I can attest to this. First-person narratives obviously are awesome for building empathy since you, the reader, are right up there in the cockpit with the narrator. Back in May 2017, I read J.D. Salinger’s The Catcher in the Rye. If you told me before I started reading the novel that I would end up understanding the viewpoint of a whiny, spoiled teenage boy with a habit of overusing slang, I wouldn’t have believed you.  

Although first-person stories are the easiest to gain empathy, the same works for third-person and even those most elusive of works, the second-person POV narrative. While reading Blood Meridian in February 2018 (a third-person point-of-view), I could feel The Kid’s terror as villainous Judge Holden tried to track him down across the American southwest . . . now, I’m not saying that I empathized with the Judge’s homicidal tendencies, but still, I didn’t dismiss him out of hand as “the bad guy” to root against. I could see that Holden was a human, too, just like The Kid, and that he had some serious problems that he wanted to take out on The Kid (okay, maybe that wasn’t the best example, but hopefully you get what I’m saying).

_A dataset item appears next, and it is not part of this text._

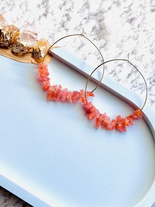 Red Hematoid Quartz + Gold Blush/Brown Feather Earrings

What’s fascinating is that this empathy can transfer over to real life, helping you interact with family, friends, and coworkers better, especially when they’re telling their own stories or trying to talk through problems.  

Sometimes I think humans weren’t made to handle the barrage of information we’ve made for ourselves in the 21st Century. An awesome thing about reading is that it forces your mind to slow down. In a world full of instant or near-instant communication and an emphasis on busyness, it’s wonderful to open a book and have the pace of life ease to a manageable rate. Even if you’re the fastest reader on the planet, you can’t deny that a novel helps your brain slow down and focus on the words in front of you—unless you want the words not to make sense! 

Another aspect of reading and human psychology is the ability of books to expand the imagination and make you think in different ways. This is especially true if you read a variety of books in different, even experimental, styles.

I’m a fiction writer, so reading novels is basically my rocket fuel for imagination. Even if you’re not a writer, though, books can still do wonders for how you see things—I remember as a kid, before I got into writing, the Harry Potter series made me realize that there are worlds that you can “live” in outside the real one. If you have a job that requires a lot of creative thinking—or if you’re like me and make creative thinking and your goal in life—then books will be your best friends.  They’ll help you think in ways that go beyond what’s been thought before, freeing your mind of stale ideas.